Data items
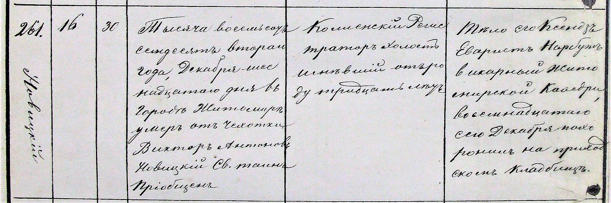 Metryka zgonu Wiktora, na gruźlicę.
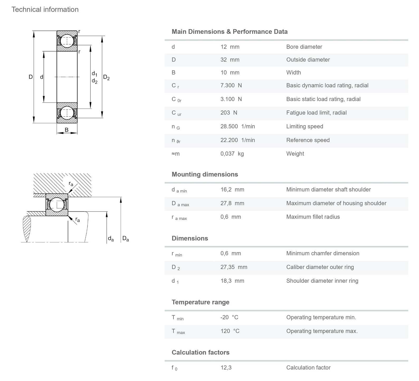 FAG 6201-2Z มีขนาดวงใน 12 มิล วงนอก 32 มิล หนา 10 มิล เป็นตลับลูกปืนเม็ดกลมร่องลึก แถวเดียว ฝาเหล็กสองด้าน มีแรงเสียดทานต่ำ เสียงเงียบ รองรับความเร็วรอบสูง
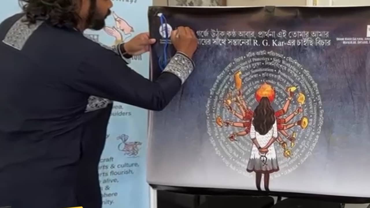 নিউ ইয়র্ক: উৎসবের সঙ্গে প্রবাসে পুজোয় জারি প্রতিবাদও। এই প্রতিবাদ চলবে পুরো অক্টোবর জুড়ে। অক্টোবরের প্রথম সপ্তাহে ২৫টি পুজো, সঙ্গে প্রতিবাদ। অক্টোবরের দ্বিতীয় সপ্তাহে ৫৫-৬০টি পুজো, সঙ্গে প্রতিবাদ। এমনকি অক্টোবরের তৃতীয় সপ্তাহের পুজোগুলিও চলতে থাকবে প্রতিবাদ। পুরোটাই সেতু দ্য ব্রিজের উদ্যোগে। সেতুর সামগ্রিক দাবি বিদেশের বাঙালিদের মধ্যে এনেছে দ্রোহের সংহতি। সেতুর তরফ থেকে একটি পোস্টারের ডিজিটাল কপি শেয়ার করা হয়েছে যা নিউইয়র্কসহ আমেরিকার বিভিন্ন শহরে। শেয়ার হয়েছে অস্ট্রেলিয়া, কলম্বিয়া আর কানাডায় পুজো মণ্ডপেও।
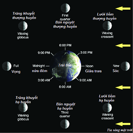 Sự phản chiếu của ánh sáng Mặt trời lên Mặt trăng cũng thay đổi theo từng thời kỳ, gọi là các pha của Mặt trăng (Hình 3).
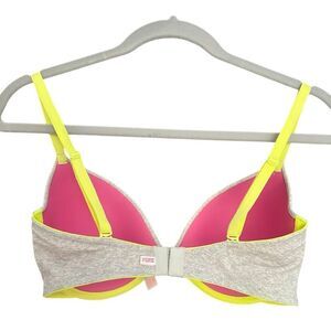PINK Bra Demi Buste Gray Neon Yellow Pink Sz 34DD. MINT Condition
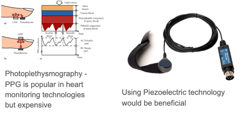 We chose a pulse tranducer because it is more accesible and affordable than PPG technology
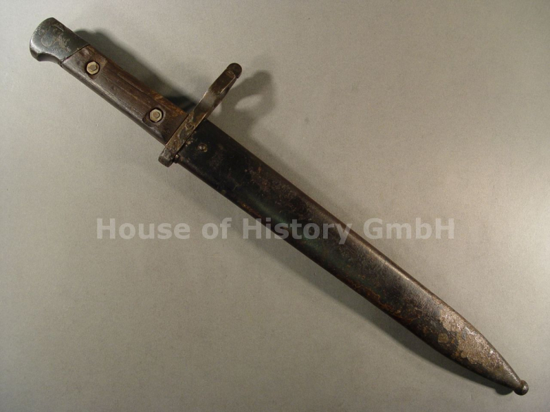 Österreich Bajonett M 1895 für Mannlicher Stutzen, mit Hersteller und diversen Abnahmen, Holzgriffschalen vermutlich ergänzt, auf jeden Fall mit neuen Schrauben befestigt, Zustand siehe Fotos
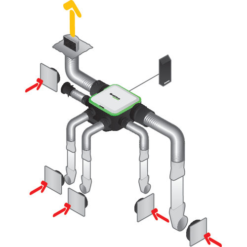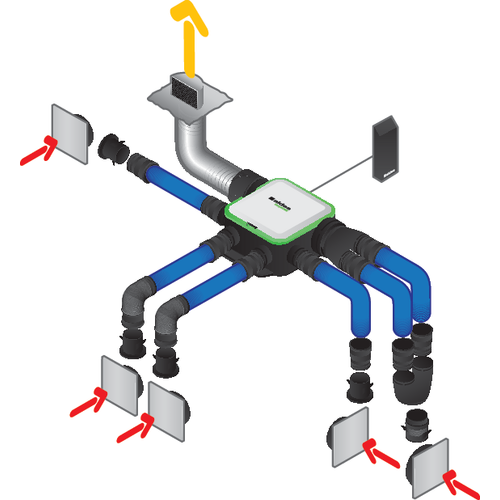 - 4 x Ø 80 mm connections for bathroom/WC,
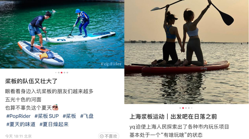 “桨板和夏天锁死”“最潮流的水上运动”“桨板上瘾”,社交媒体上不乏很多关于桨板的讨论。截止到6月20日,小红书上关于桨板的笔记已经有两万多篇,相关推荐词条还包括桨板推荐、桨板教学、桨板穿搭等。
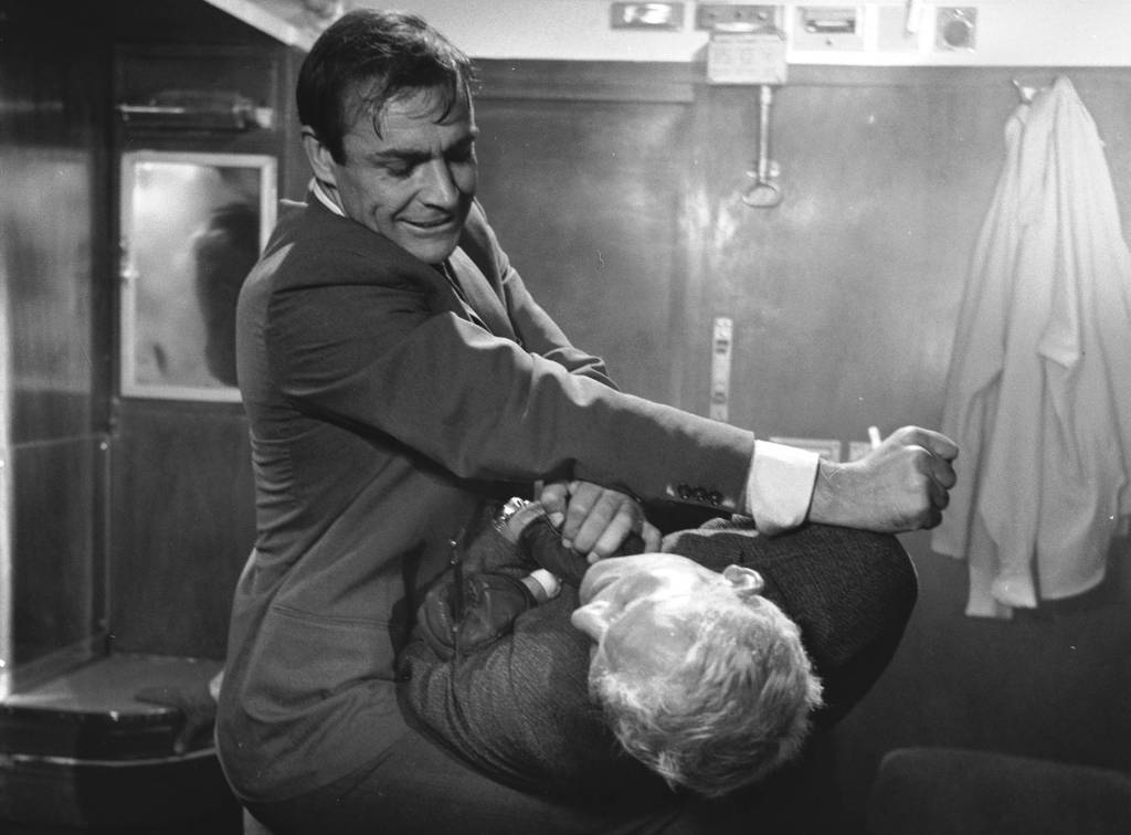 1963年电影《来自俄罗斯的爱情》剧照,肖恩·康纳利在片中展示了令人窒息的暴力场面,但他的脸颊上可没有疤痕
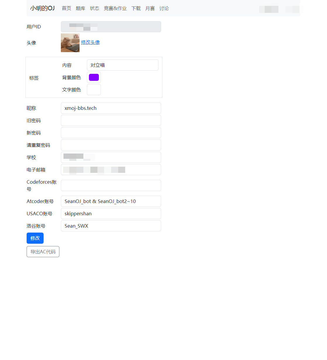 小明的OJ增强脚本 (XMOJ-Script) 在多个方面提供了有益的功能和改进。 首先,通过比赛ACM排名和下载功能,用户可以更方便地浏览比赛的排名情况,并且能够将相关信息下载以备离线查阅,这对于参赛者和观众来说都是一项实用的功能。 界面美化方面,采用新版的Bootstrap样式库、彩色文字和暗色模式等,能够显著提升用户界面的视觉吸引力和舒适度。
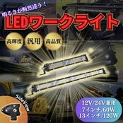 12V、24V兼用の非常に明るいLEDワークライトバー(60w/120w)になります。普通車はもちろん、 オフロード車、トラック、ダンプ、船舶、重機、農作業、トラクター、コンバイン、フォークリフトなどにもお使いいただけます。
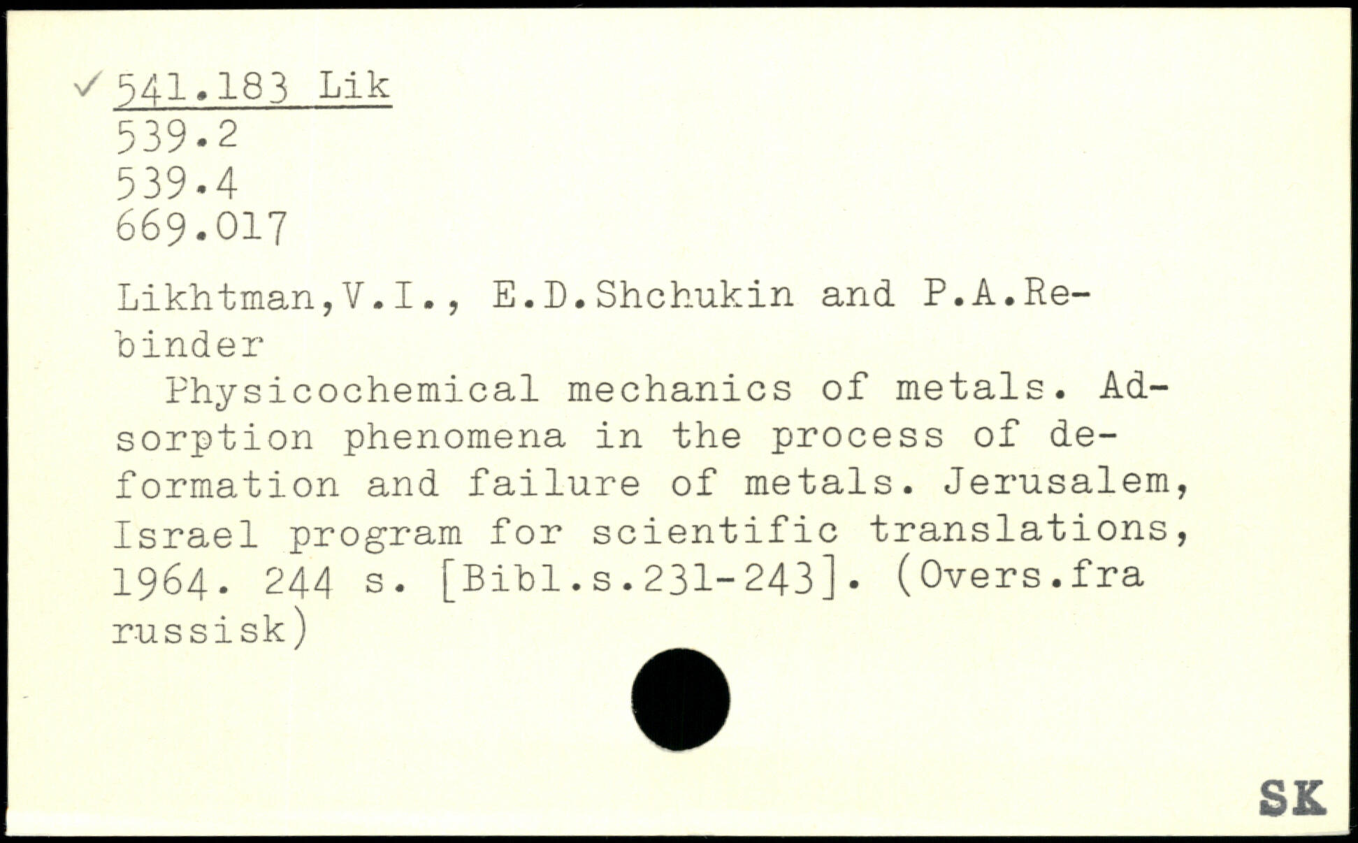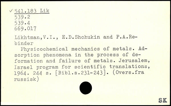 Physicochemical mechanics of metals. Adsorption phenomena in the process of deformation and failure of metals. Jerusalem, Israel program for scientific translations, 1964.

Task brief |
Put down exactly the lines of the data above that run from its first line through the line bearing "We chose a pulse", and no pictures.

Exercise solution |
 Metryka zgonu Wiktora, na gruźlicę.
 FAG 6201-2Z มีขนาดวงใน 12 มิล วงนอก 32 มิล หนา 10 มิล เป็นตลับลูกปืนเม็ดกลมร่องลึก แถวเดียว ฝาเหล็กสองด้าน มีแรงเสียดทานต่ำ เสียงเงียบ รองรับความเร็วรอบสูง
 নিউ ইয়র্ক: উৎসবের সঙ্গে প্রবাসে পুজোয় জারি প্রতিবাদও। এই প্রতিবাদ চলবে পুরো অক্টোবর জুড়ে। অক্টোবরের প্রথম সপ্তাহে ২৫টি পুজো, সঙ্গে প্রতিবাদ। অক্টোবরের দ্বিতীয় সপ্তাহে ৫৫-৬০টি পুজো, সঙ্গে প্রতিবাদ। এমনকি অক্টোবরের তৃতীয় সপ্তাহের পুজোগুলিও চলতে থাকবে প্রতিবাদ। পুরোটাই সেতু দ্য ব্রিজের উদ্যোগে। সেতুর সামগ্রিক দাবি বিদেশের বাঙালিদের মধ্যে এনেছে দ্রোহের সংহতি। সেতুর তরফ থেকে একটি পোস্টারের ডিজিটাল কপি শেয়ার করা হয়েছে যা নিউইয়র্কসহ আমেরিকার বিভিন্ন শহরে। শেয়ার হয়েছে অস্ট্রেলিয়া, কলম্বিয়া আর কানাডায় পুজো মণ্ডপেও।
 Sự phản chiếu của ánh sáng Mặt trời lên Mặt trăng cũng thay đổi theo từng thời kỳ, gọi là các pha của Mặt trăng (Hình 3).
PINK Bra Demi Buste Gray Neon Yellow Pink Sz 34DD. MINT Condition
 We chose a pulse tranducer because it is more accesible and affordable than PPG technology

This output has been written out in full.